***** AVAILABLE DATA *****

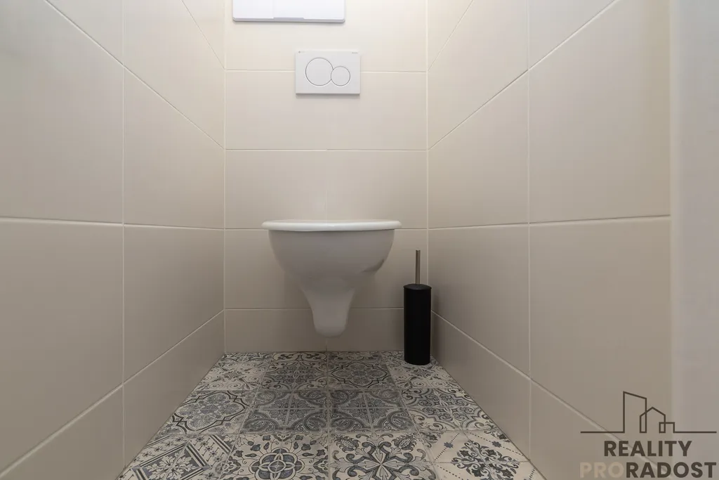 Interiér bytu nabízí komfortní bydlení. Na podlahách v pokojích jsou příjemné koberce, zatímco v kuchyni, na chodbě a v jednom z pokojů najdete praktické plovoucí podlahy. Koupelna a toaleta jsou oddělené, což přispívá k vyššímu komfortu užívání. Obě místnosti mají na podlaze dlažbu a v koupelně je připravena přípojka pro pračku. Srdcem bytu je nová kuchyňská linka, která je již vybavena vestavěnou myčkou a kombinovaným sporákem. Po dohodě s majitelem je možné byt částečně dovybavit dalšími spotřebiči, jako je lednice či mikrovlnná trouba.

*****
***** AVAILABLE DATA *****

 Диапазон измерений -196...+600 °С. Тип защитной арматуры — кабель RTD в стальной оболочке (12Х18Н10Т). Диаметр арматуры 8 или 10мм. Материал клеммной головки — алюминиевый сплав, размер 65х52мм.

*****
***** AVAILABLE DATA *****

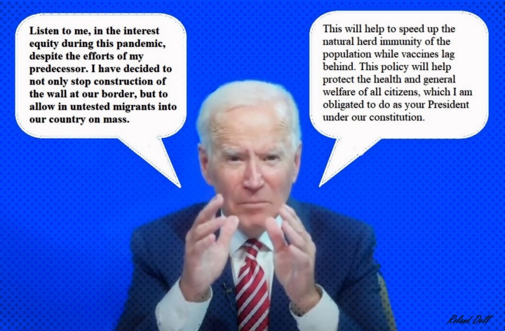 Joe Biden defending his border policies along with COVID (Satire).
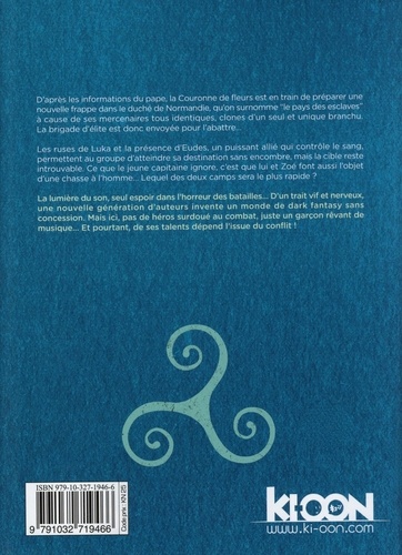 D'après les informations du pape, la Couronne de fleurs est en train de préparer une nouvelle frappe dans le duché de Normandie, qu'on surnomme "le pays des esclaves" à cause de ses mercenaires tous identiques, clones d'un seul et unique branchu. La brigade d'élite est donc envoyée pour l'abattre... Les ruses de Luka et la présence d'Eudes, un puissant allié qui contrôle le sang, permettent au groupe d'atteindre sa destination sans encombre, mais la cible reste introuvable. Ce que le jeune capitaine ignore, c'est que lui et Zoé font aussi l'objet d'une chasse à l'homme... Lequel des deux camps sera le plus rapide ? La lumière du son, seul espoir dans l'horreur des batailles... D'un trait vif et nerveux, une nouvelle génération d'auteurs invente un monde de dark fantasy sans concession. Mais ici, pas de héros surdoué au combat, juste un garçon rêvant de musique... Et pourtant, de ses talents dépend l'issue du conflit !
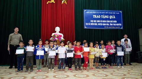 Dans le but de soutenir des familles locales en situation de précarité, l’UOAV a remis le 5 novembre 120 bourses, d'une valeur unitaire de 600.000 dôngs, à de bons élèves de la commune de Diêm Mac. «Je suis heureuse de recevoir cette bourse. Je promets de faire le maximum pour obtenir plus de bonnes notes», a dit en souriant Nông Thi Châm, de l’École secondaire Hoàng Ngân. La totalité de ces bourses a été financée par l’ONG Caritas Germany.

*****

TASK REQUIREMENTS —
Output exactly the lines of the listing above that start with the one holding "D'après les informations" and go on through the one holding "Dans le but"; leave the pictures out.

PROBLEM SOLUTION —
 D'après les informations du pape, la Couronne de fleurs est en train de préparer une nouvelle frappe dans le duché de Normandie, qu'on surnomme "le pays des esclaves" à cause de ses mercenaires tous identiques, clones d'un seul et unique branchu. La brigade d'élite est donc envoyée pour l'abattre... Les ruses de Luka et la présence d'Eudes, un puissant allié qui contrôle le sang, permettent au groupe d'atteindre sa destination sans encombre, mais la cible reste introuvable. Ce que le jeune capitaine ignore, c'est que lui et Zoé font aussi l'objet d'une chasse à l'homme... Lequel des deux camps sera le plus rapide ? La lumière du son, seul espoir dans l'horreur des batailles... D'un trait vif et nerveux, une nouvelle génération d'auteurs invente un monde de dark fantasy sans concession. Mais ici, pas de héros surdoué au combat, juste un garçon rêvant de musique... Et pourtant, de ses talents dépend l'issue du conflit !
 Dans le but de soutenir des familles locales en situation de précarité, l’UOAV a remis le 5 novembre 120 bourses, d'une valeur unitaire de 600.000 dôngs, à de bons élèves de la commune de Diêm Mac. «Je suis heureuse de recevoir cette bourse. Je promets de faire le maximum pour obtenir plus de bonnes notes», a dit en souriant Nông Thi Châm, de l’École secondaire Hoàng Ngân. La totalité de ces bourses a été financée par l’ONG Caritas Germany.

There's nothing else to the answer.